To make all this possible thousands of police officers have been hired, while specialised police units have be constituted and strengthened. As poverty and the restriction of freedom rises so does the number of police, that have become gangs of bullies taking over neighbourhoods and every facet of social life. In parallel, the country’s borders have been further strengthened and militarised, resulting in the execution and drowning of the persecuted. To do this the military service has been reinforced, making it harder to defer at 18, and the employment of mercenaries has risen. Law enforcement and militarisation is draining all public funds resulting in further marginalisation of social needs, rendering all those who are unable to participate in the capitalist system of production destitute and degraded, trapped in lives not worth living. Covid19 has intensified and spread this, disconnecting people’s lives even further from the pursuit of freedom turning them into a simple matter of survival and reproduction.

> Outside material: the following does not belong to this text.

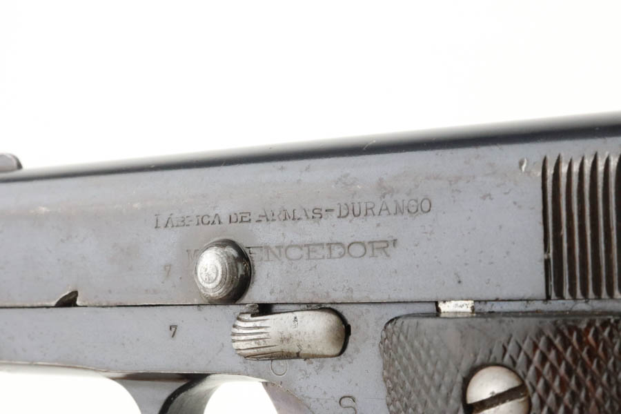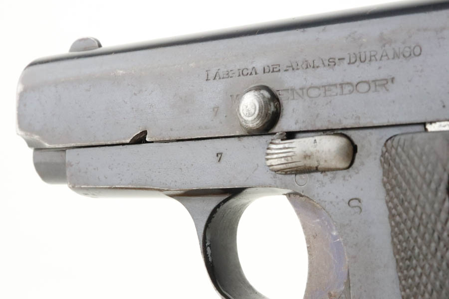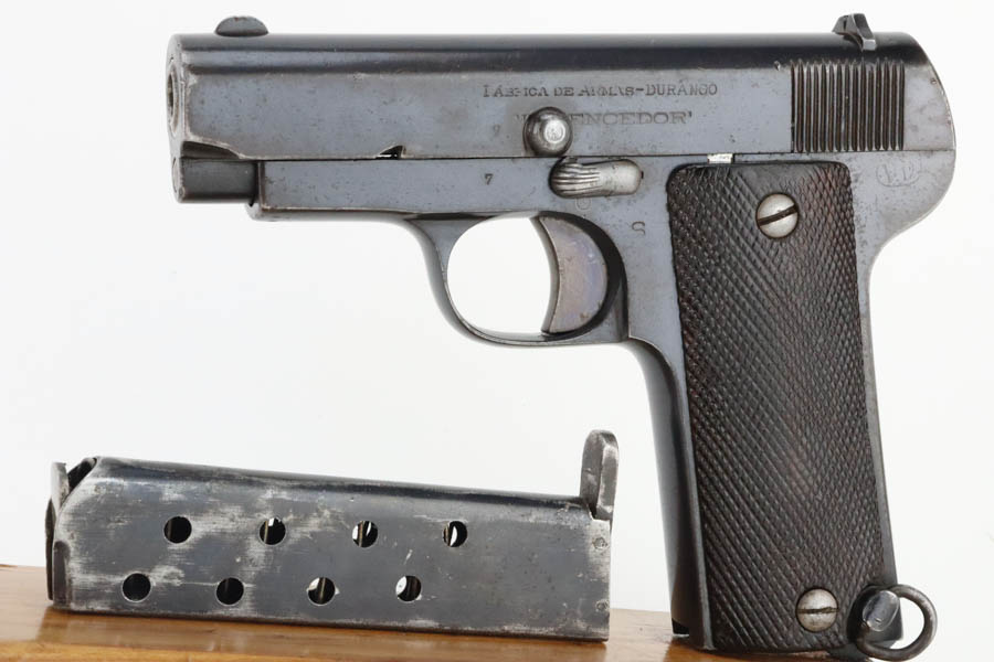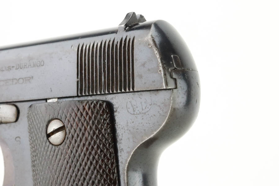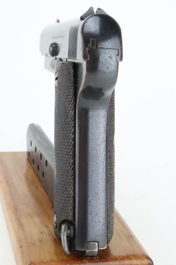 5/31/24 – This is a nice example of a Spanish Eibar / Ruby manufactured in the early 1900’s. Many of these guns were issued to the French military, but this one lacks those French markings. The gun has retained about 93% of its bluing with high edge and muzzle wear. While there is not much actual finish loss, there is light spotty oxidation throughout. Fitted with nice period-correct wood grips. Comes with a numbered but mismatched magazine. Nice bore with good rifling.

The management of Covid-19 is being used for the constitution of a totalitarian state and nor for the protection of the health of society, hence the prohibition of celebrations and mobilisations such as these is not a protective measure, but one of suppression. Totalitarian regimes have always been imposed under pretexts of public safety, but ultimately are the result of authority’s need to fully subjugate and control society while quelling all resistance. This is why for dictatorships to come to an ultimate end, states also have to come to an end. Under today’s circumstances the anti-dictatorial struggle is even more relevant than ever, only this time it no longer has place for statist delusions.
The solution to Covid-19, poverty and oppression is for all of us who are oppressed and exploited to take the social structures and the economic resources into our own hands, so that we can take care of our own health, education and freedom, independently and according to our own desires. With unmediated fights, coordinated organisation of neighbourhood people’s councils and unions, self organised collectives and political organisations, we can smash the powers of state enforcement and its bosses and build today the conditions for the world we are aiming for.
For a world of Self-organisation, Equality, Mutual Aid and Freedom.